Димка застонал от восторга, а Роднин заметил:
– Надо бы грузина расспросить по поводу той истории с башней, огнями и жертвами, которые пропадали!
– Для этого и едем, – скупо обронил Шурик, и нажал на газ.
…Недавний визит в кафе «Нестерка», которое открыл заезжий грузин, оставил в наших душах неизгладимые впечатления! Во-первых, мы там спрятались от каких-то нервных автоматчиков, которые ни с того, ни с сего стали палить, гоняясь за нами на внедорожнике. А, во-вторых, хозяин поведал жуткую историю о загадочных конкурентах, обосновавшихся рядом, в кирпичной башне. По словам Автандила, те собирались открыть ресторан, но вместо этого нашпиговали строение странной аппаратурой, из-за которой его клиенты падали в обморок, а некоторые даже исчезали неизвестно куда.

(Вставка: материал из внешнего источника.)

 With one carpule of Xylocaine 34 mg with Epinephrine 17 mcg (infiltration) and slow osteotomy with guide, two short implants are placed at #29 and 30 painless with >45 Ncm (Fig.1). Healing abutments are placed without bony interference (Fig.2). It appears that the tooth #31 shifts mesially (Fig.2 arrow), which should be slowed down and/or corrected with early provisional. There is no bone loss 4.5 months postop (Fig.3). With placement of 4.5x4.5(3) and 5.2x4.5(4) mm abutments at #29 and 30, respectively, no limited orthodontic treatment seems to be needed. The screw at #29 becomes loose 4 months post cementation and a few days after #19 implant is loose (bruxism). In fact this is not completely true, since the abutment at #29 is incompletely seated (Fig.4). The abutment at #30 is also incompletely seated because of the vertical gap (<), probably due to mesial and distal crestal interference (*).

Все это могло бы выглядеть бредом, если бы влияние огней, зажигавшихся на башне, не испытала на себе я.
…Тойота причалила к аккуратному зданию с кокетливыми клумбами у крылечка.

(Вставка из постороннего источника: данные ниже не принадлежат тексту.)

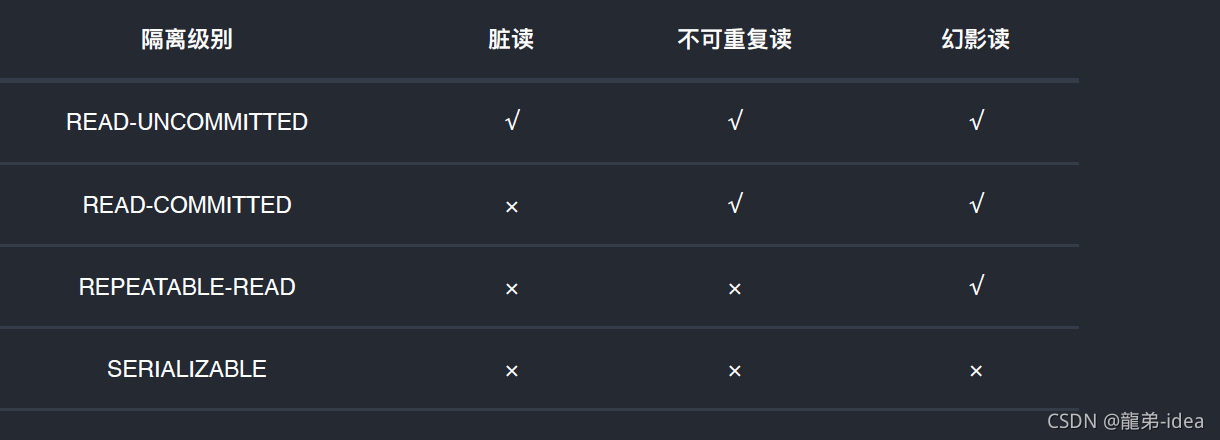 READ-UNCOMMITTED(讀取未提交):最低的隔離級別,允許讀取尚未提交的數(shù)據(jù)變更,可能會導(dǎo)致臟讀、幻讀或不可重復(fù)讀。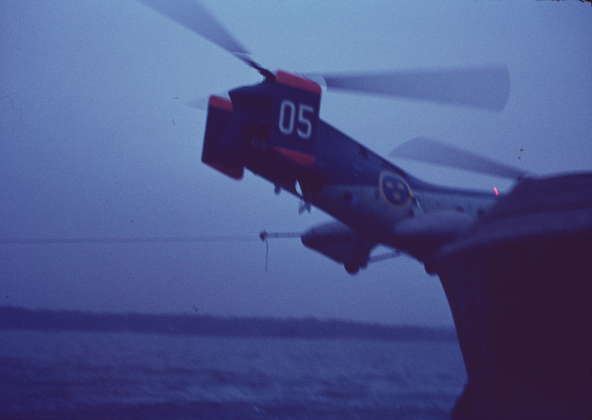 Bilden föreställer en så kallad flygande banan - en helikopter typ Vertol 44 med nummer 05 på häckfenan under flygning.

Мы высыпали на улицу, оценили популярность пищеточки по фурам, скопившимся на стоянке, и вошли внутрь. В помещении тихо играла музыка, царил полумрак, и вкусно пахло незнакомыми блюдами.
К столику подплыл Автандил собственной персоной, приветливо поздоровался и рекомендовал оценить чахохбили, которое сегодня подавалось впервые.

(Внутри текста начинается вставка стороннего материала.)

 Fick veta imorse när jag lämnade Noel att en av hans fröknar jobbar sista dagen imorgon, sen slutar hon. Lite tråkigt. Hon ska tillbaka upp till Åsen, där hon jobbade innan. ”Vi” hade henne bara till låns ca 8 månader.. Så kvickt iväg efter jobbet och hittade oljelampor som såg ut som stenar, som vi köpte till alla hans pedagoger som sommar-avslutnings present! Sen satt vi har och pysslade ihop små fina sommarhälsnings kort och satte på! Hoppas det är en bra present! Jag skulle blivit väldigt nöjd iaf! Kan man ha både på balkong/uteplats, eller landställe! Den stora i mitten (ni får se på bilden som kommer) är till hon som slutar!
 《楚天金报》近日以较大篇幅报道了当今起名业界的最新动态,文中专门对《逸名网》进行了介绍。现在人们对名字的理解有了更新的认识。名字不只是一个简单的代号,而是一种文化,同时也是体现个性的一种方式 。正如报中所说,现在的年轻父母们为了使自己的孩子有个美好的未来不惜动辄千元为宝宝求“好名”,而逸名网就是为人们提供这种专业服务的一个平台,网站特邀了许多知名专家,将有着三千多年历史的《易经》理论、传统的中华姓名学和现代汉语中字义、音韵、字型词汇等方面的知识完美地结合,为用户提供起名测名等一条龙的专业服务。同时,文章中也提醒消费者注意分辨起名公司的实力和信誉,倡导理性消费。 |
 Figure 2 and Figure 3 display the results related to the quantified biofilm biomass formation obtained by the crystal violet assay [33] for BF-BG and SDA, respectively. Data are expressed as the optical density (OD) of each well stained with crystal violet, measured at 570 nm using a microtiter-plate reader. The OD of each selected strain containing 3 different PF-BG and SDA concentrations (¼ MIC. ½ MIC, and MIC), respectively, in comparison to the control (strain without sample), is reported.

– И красное вино, – жмурясь от удовольствия, сообщил грузин. – Мне его доставили с родины. За счет заведения, разумеется.
Мы насторожились. Не в правилах бизнеса делать широкие жесты, и гостеприимство хозяина требовало разъяснений. Автандил это понял и успокаивающе кивнул:
– Господа, мы не окончили нашу беседу в прошлый раз, но, забегая вперед, должен сказать, что мне нужна ваша помощь. И если вы мне откажете, – в чем я сомневаюсь, – считайте, что вино – это благодарность за то, что выслушали меня.
Он попятился, расшаркался и отчалил в сторону кухни.
Мы озадаченно переглянулись, и Роднин протянул: – М-да… Похоже, наш визит был просчитан.
– По крайней мере, он ожидал нас, причем, с нетерпением, – буркнул Димка, – отщипнул кусочек хлеба, обмакнул в соль и принялся жевать с несчастным видом обжоры, у которого диагностировали гастрит.
Накачанный официант принес чахохбили, зелень, глиняный кувшин с вином, и мы принялись дегустировать.
Вино было в меру терпким, зелень – сочной, а от аромата чахохбили можно было с ума сойти! И от вкуса – тоже. Так сказал Сорин. А его мнению о еде мы доверяли безоговорочно.
Я первая отвалилась от стола и потребовала кофе с мороженым. Следом посуду стали отодвигать мужчины. Только Димка все водил хлебной корочкой по тарелке, вымакивая остатки соуса.
– Может, повторить? – жалостливо спросил официант.
– Нет уж, – вздохнул Сорин, – а то придется от ужина отказаться!
Мы разразились саркастическим хохотом: представить Димку без ужина было так же нереально, как балерину без диеты.
Официант убрал посуду, поставил на столик кофе, мороженое для меня и рюмки с коньяком для ребят.
– Ого, – удивился Шурик, – похоже, Автандил отказался от классики!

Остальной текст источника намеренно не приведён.